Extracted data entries
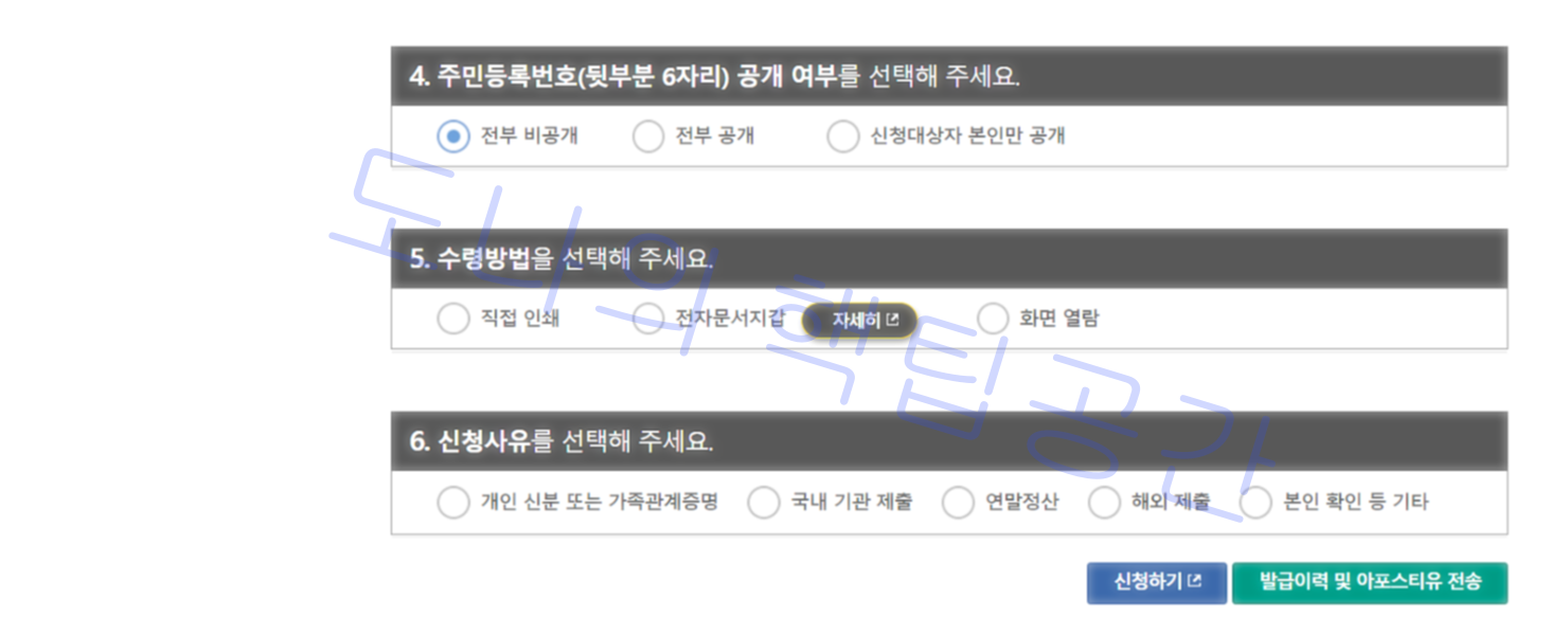 4. 발급대상자와 증명서 종류, 명세서 종류, 주민번호 공개여부, 수령방법, 신청사유등을 해당 사항에 맞세 선택하시면 됩니다.
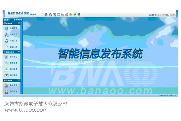 邦?yuàn)W多媒體信息發(fā)布系統(tǒng)采用B/S架構(gòu),實(shí)現(xiàn)不同的人員,從不同的地點(diǎn),
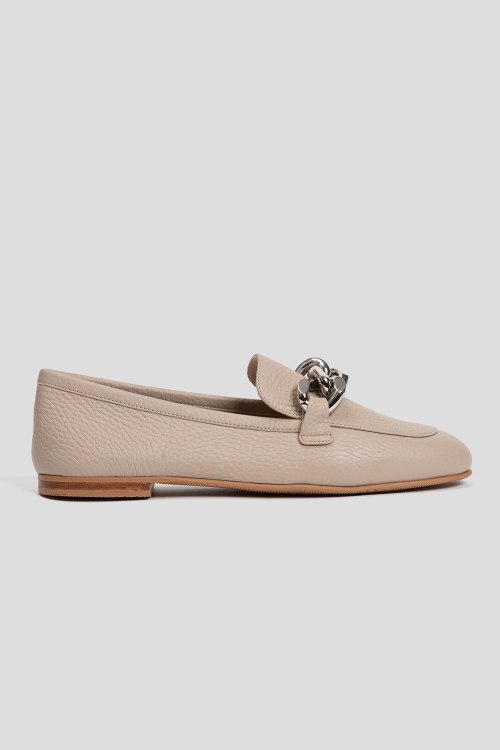 Детали: Женские бежевые лоферы из натуральной кожи от Casadei (Касадей). Миндалевидный носок, кожаная стелька с логотипом бренда, металлическая фурнитура серебристого цвета
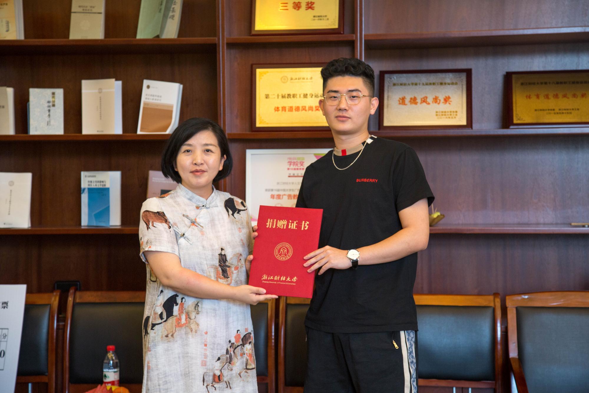 捐赠仪式上,经理何华珍和书记高燕代表公司接受了员工捐赠,高燕书记向詹天卓颁发了公司捐赠证书和纪念杯。
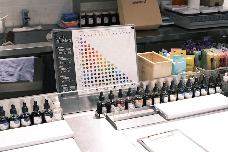 ここではオリジナルのボールペンが作れるのですが、なかでも印象的だったのは、インクを混ぜて自分だけのオリジナルカラーを作ることができるサービス。今のソウルのトレンドだそう。
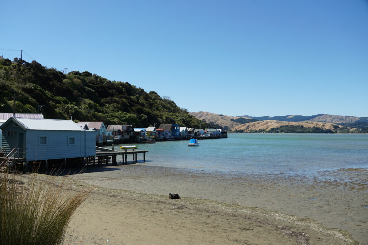 Es war zwar eine weite Fahrt, aber dort angekommen erwartete uns ein menschenleerer Strand mit vielen bunt schimmernden Paua-Schnecken-Gehäusen. Sonst gab es nur ein paar brandneu gebaute Häuser, die zum Verkauf angeboten waren, aber 1h Fahrzeit zum nächsten Geschäft und zur Zivilisation dürfte die Zahl der Interessierten dann doch einschränken.
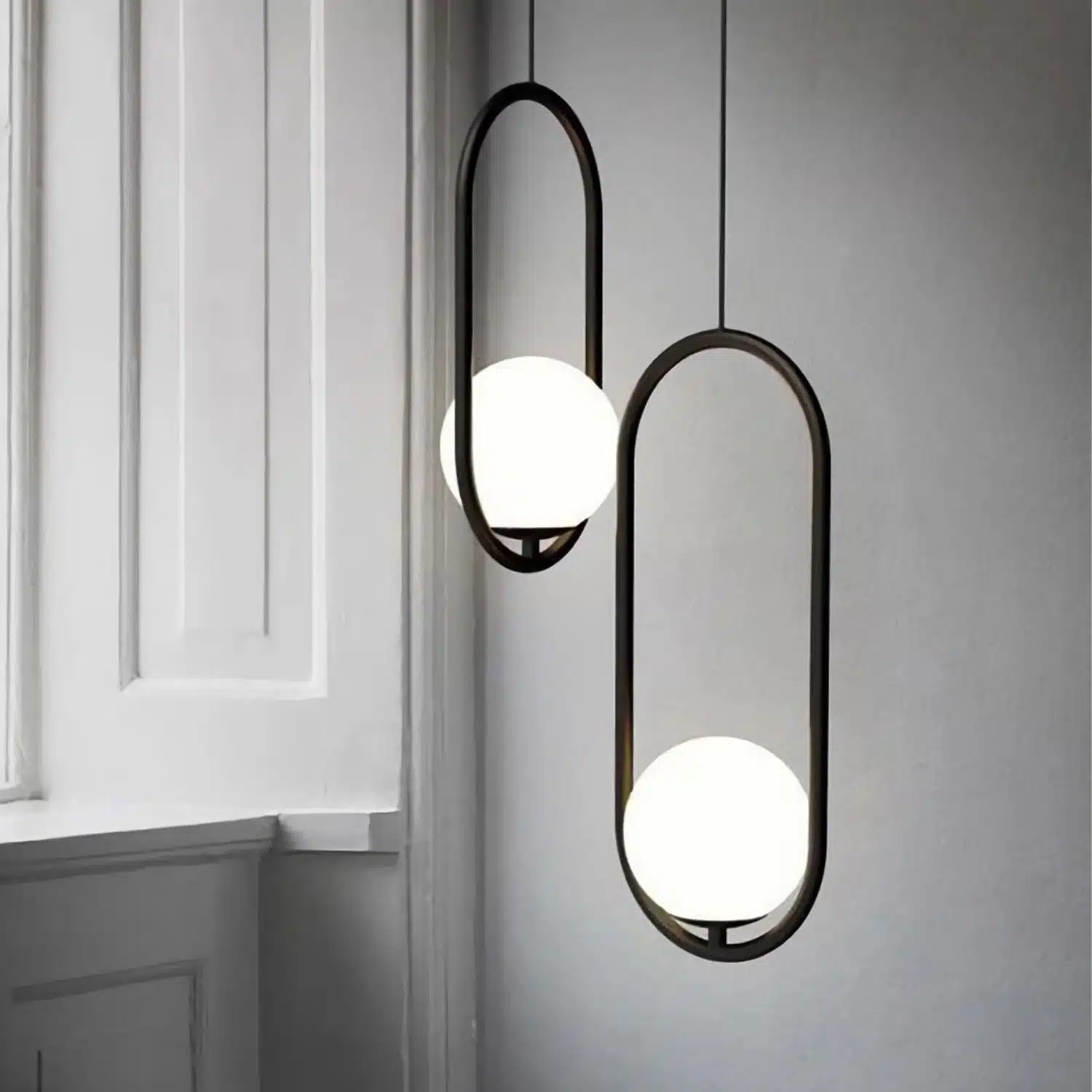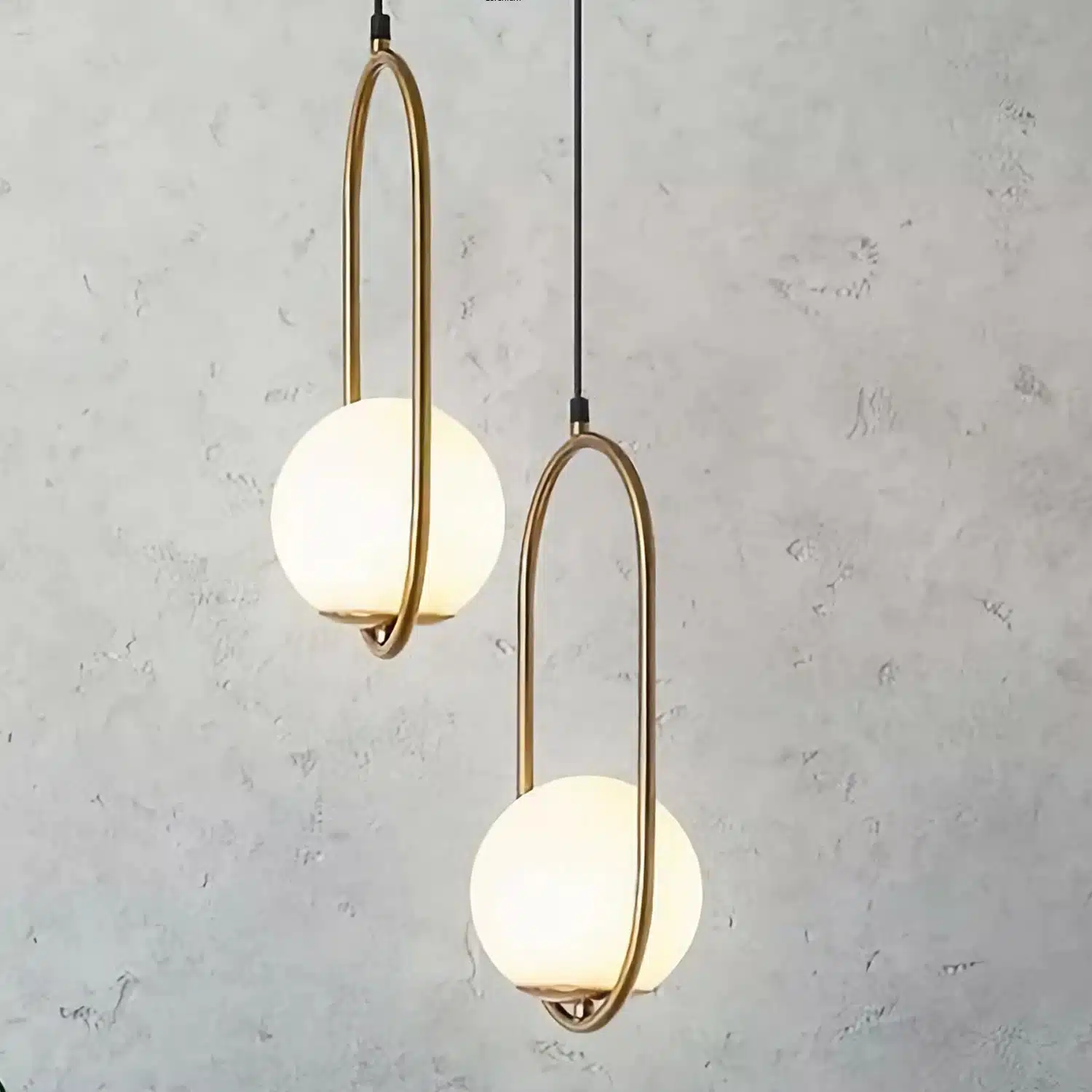 גוף תאורה תלוי, אלגנטי ומעוצב בקווים רכים ונקיים, עם מסגרת מתכת בגוון זהוב וכדור זכוכית חלבית שמפיץ אור חמים ונעים.

**THE PROBLEM**. Output every entry verbatim but skip the pictures.

**RESPONSE TO THIS TASK**.
 4. 발급대상자와 증명서 종류, 명세서 종류, 주민번호 공개여부, 수령방법, 신청사유등을 해당 사항에 맞세 선택하시면 됩니다.
 邦?yuàn)W多媒體信息發(fā)布系統(tǒng)采用B/S架構(gòu),實(shí)現(xiàn)不同的人員,從不同的地點(diǎn),
 Детали: Женские бежевые лоферы из натуральной кожи от Casadei (Касадей). Миндалевидный носок, кожаная стелька с логотипом бренда, металлическая фурнитура серебристого цвета
 捐赠仪式上,经理何华珍和书记高燕代表公司接受了员工捐赠,高燕书记向詹天卓颁发了公司捐赠证书和纪念杯。
 ここではオリジナルのボールペンが作れるのですが、なかでも印象的だったのは、インクを混ぜて自分だけのオリジナルカラーを作ることができるサービス。今のソウルのトレンドだそう。
 Es war zwar eine weite Fahrt, aber dort angekommen erwartete uns ein menschenleerer Strand mit vielen bunt schimmernden Paua-Schnecken-Gehäusen. Sonst gab es nur ein paar brandneu gebaute Häuser, die zum Verkauf angeboten waren, aber 1h Fahrzeit zum nächsten Geschäft und zur Zivilisation dürfte die Zahl der Interessierten dann doch einschränken.
 גוף תאורה תלוי, אלגנטי ומעוצב בקווים רכים ונקיים, עם מסגרת מתכת בגוון זהוב וכדור זכוכית חלבית שמפיץ אור חמים ונעים.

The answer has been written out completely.